Requirement ▸
Take the entries below and write them out exactly, with each picture removed.

Excerpts from a dataset ▸

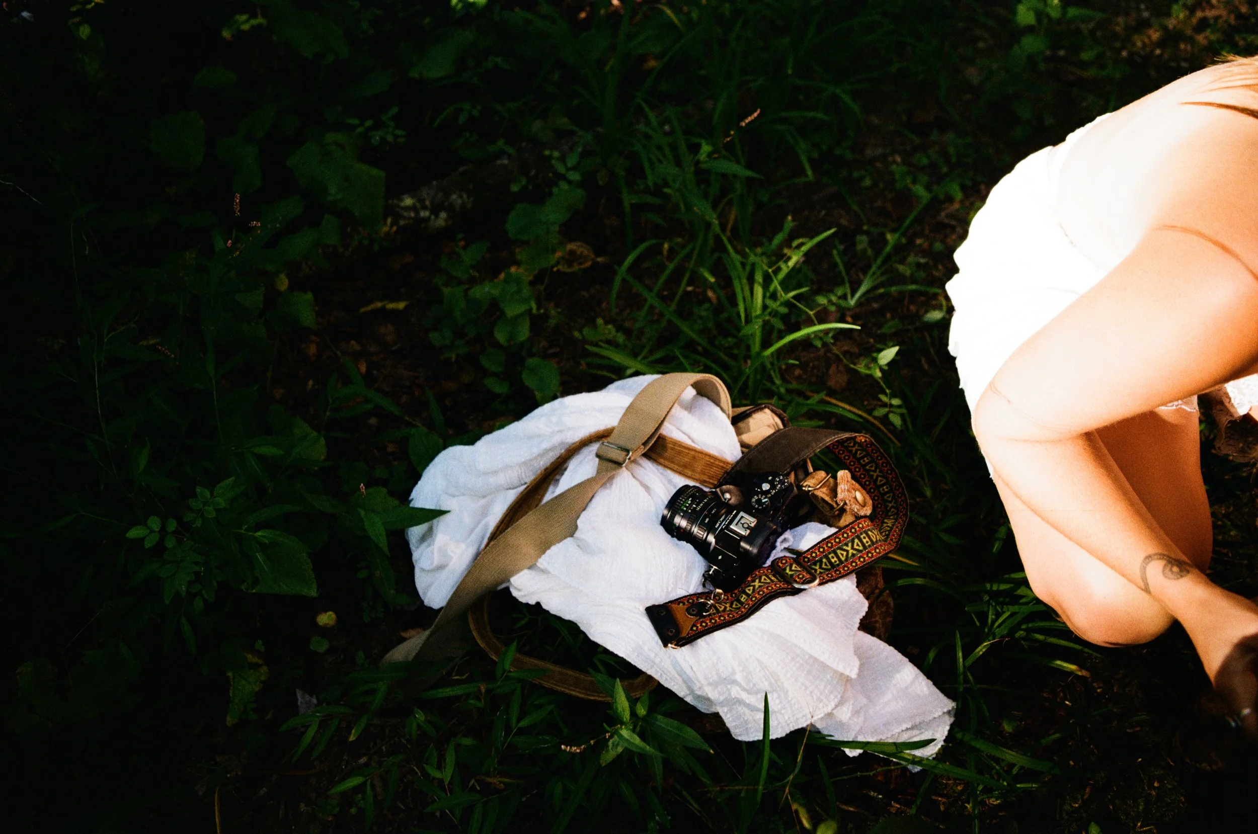 I shoot with vintage glass, film, and manual processes. Old lenses from other eras, light leaks, grain, and the slow craft that invites a timeless, mythic quality—sunrise earth tones, soft blacks, moss and gold.
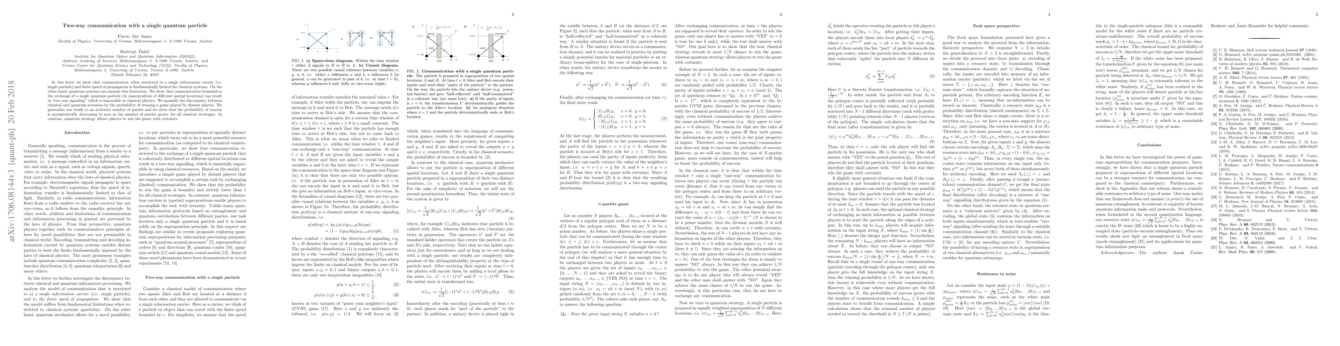 Quantum systems can facilitate two-way communication with a single particle, allowing for guaranteed success in games played with distant players, unlike classical systems where the probability of success decreases as the number of parties grows.
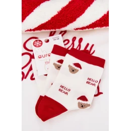 Hřejivé dámské vánoční ponožky v bílé barvě s roztomilým motivem medvídků v čepici Mikuláše. Vyrobené z měkké směsi s vlnou, která poskytuje tepelný komfort a měkkost při nošení. Ideální pro zimní období a vánoční atmosféru doma i do bot.
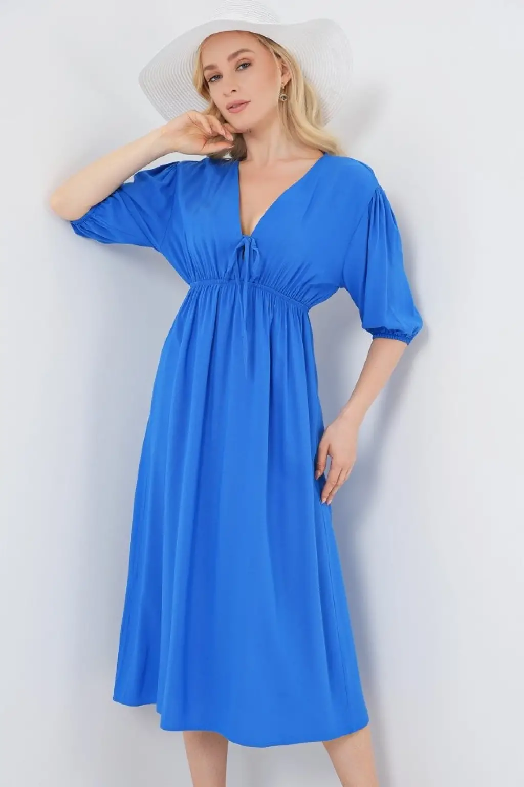 Kadın Kısa Kollu V Yakalı Yırtmaçlı Midi Viskon Elbise
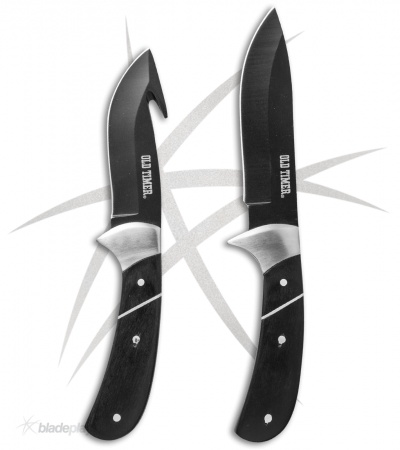 Description Description This Schrade Old Timer hunting pack is the ultimate knife combo for any outdoors enthusiast! It comes with two high quality fixed blade knives featuring wood handles and 3Cr13 stainless steel blades. They come in a drop point and gut hook blade style and have a glossy black finish. The full tang handles have black wood scales and stainless steel bolsters. Both knives include a black nylon belt sheath for easy everyday carry. The Schrade Old Timer line offers quality EDC knives at affordable prices.

Problem solution ▸
 I shoot with vintage glass, film, and manual processes. Old lenses from other eras, light leaks, grain, and the slow craft that invites a timeless, mythic quality—sunrise earth tones, soft blacks, moss and gold.
 Quantum systems can facilitate two-way communication with a single particle, allowing for guaranteed success in games played with distant players, unlike classical systems where the probability of success decreases as the number of parties grows.
 Hřejivé dámské vánoční ponožky v bílé barvě s roztomilým motivem medvídků v čepici Mikuláše. Vyrobené z měkké směsi s vlnou, která poskytuje tepelný komfort a měkkost při nošení. Ideální pro zimní období a vánoční atmosféru doma i do bot.
 Kadın Kısa Kollu V Yakalı Yırtmaçlı Midi Viskon Elbise
 Description Description This Schrade Old Timer hunting pack is the ultimate knife combo for any outdoors enthusiast! It comes with two high quality fixed blade knives featuring wood handles and 3Cr13 stainless steel blades. They come in a drop point and gut hook blade style and have a glossy black finish. The full tang handles have black wood scales and stainless steel bolsters. Both knives include a black nylon belt sheath for easy everyday carry. The Schrade Old Timer line offers quality EDC knives at affordable prices.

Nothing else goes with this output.